Entenda por que o Sinsej é contra o imposto sindical

Tradicionalmente no mês de março é descontado da folha de pagamento dos trabalhadores o equivalente a um dia de trabalho. É o imposto sindical. A atual direção do Sinsej é contrária a essa cobrança, pois acredita que o servidor só deve contribuir voluntariamente à entidade que lhe representa. Isso ocorre por meio da filiação ao sindicato.

O imposto sindical foi implantado no governo de Getúlio Vargas, em 1943, e vigora até hoje. Na década de 30 o movimento sindical no Brasil estava em ascensão. Para tentar contê-lo, Vargas usou as mesmas estratégias do governo fascista italiano que havia instituído a Carta Del Lavoro. Ele promulgou a Consolidação das Leis do Trabalho (CLT), que traziam alguns direitos trabalhistas em troca de acalmar a revolta das massas. Junto com a CLT, Getúlio criou formas de aparelhar o movimento sindical ao Estado, entre as quais está o imposto sindical, só repassado às entidades reconhecidas pelo Ministério do Trabalho. Na mesma época foi instituída a unicidade sindical, que impede a criação de dois sindicatos na mesma base mesmo que esse seja o desejo da categoria.

O dinheiro do imposto sindical também sustenta muitas entidades pelegas ou fantasmas, que recebem fortunas sem precisar manter qualquer relação com o trabalhador. Um exemplo é a Fetramesc, Federação dos Trabalhadores no Serviço Público Municipal de Santa Catarina.

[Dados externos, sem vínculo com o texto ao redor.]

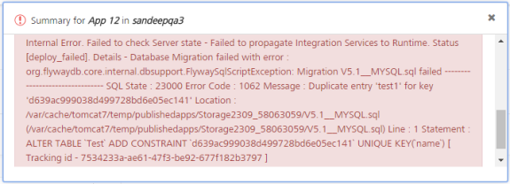 - If the size of your application is more than the variable size of the server database, an error occurs while publishing. Ensure the variable  max_allowed_packet_size  is set to a higher value than the application size.
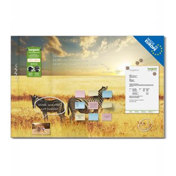Material: 4mm Sicherheitsglas mit Metallrückwand Eigenschaften: beschreibbar, magnetisch, kratzfest Maße: 120x80x0,6cm, 14,40kg schwer Motiv Nummer 12756 Zwei Zebras Zubehör: inklusive 4 Neodym-Magnete
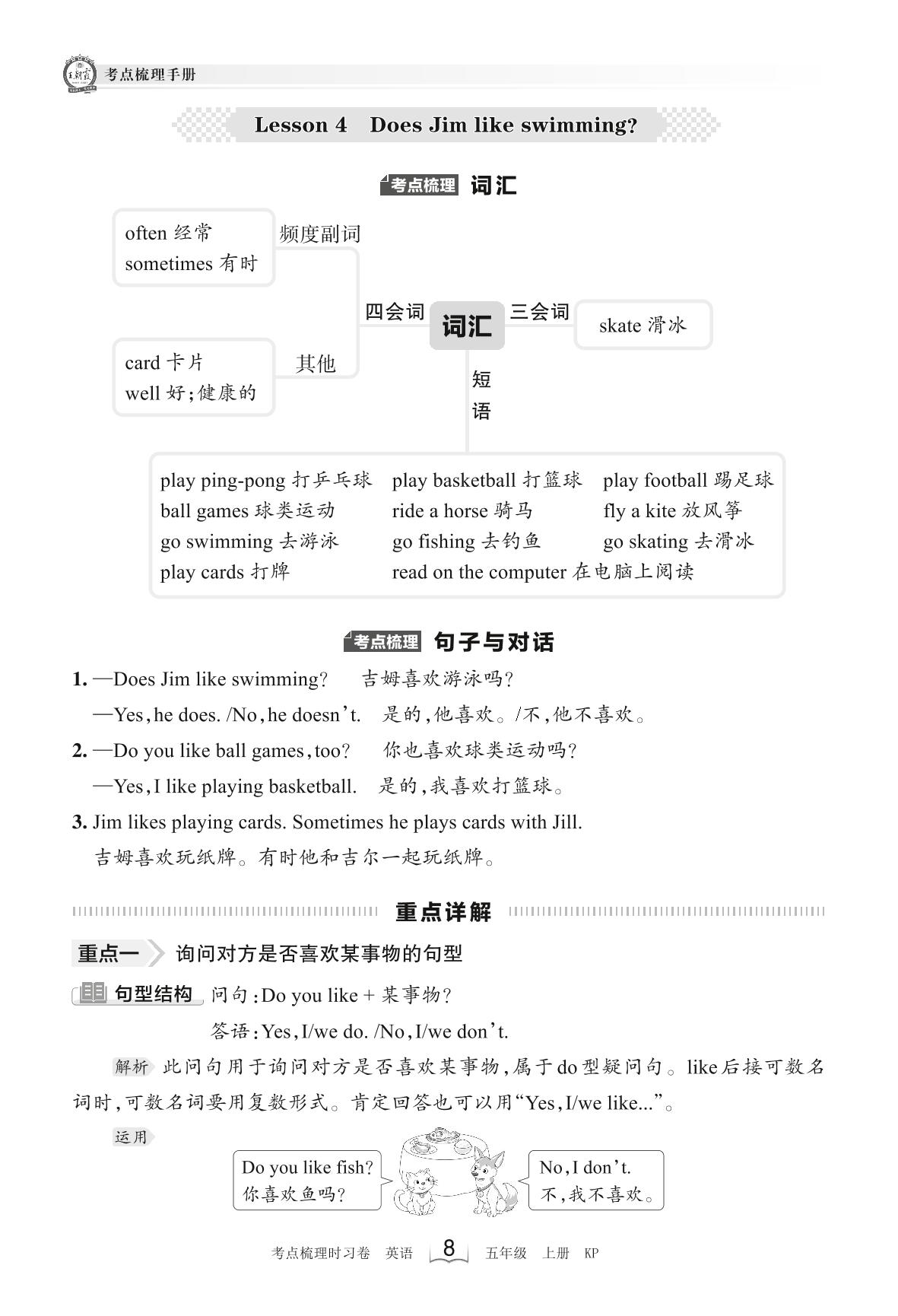 2023上册五年级英语科普版 考点梳理手册——Lesson 4 Does Jim like swimming?

Essa entidade recebe 15% do desconto efetuado na folha de todos os servidores municipais do estado, embora ninguém a conheça e nem saiba em que atua.

Enquanto esse imposto não é eliminado, com a revogação da lei que o criou, o Sinsej deve manter a devolução da parte que lhe é destinada, equivalente a 60%, aos servidores que solicitarem. Isso já foi feito em anos anteriores. Os detalhes para esse ano serão discutidos no Conselho de Representantes e divulgados em breve.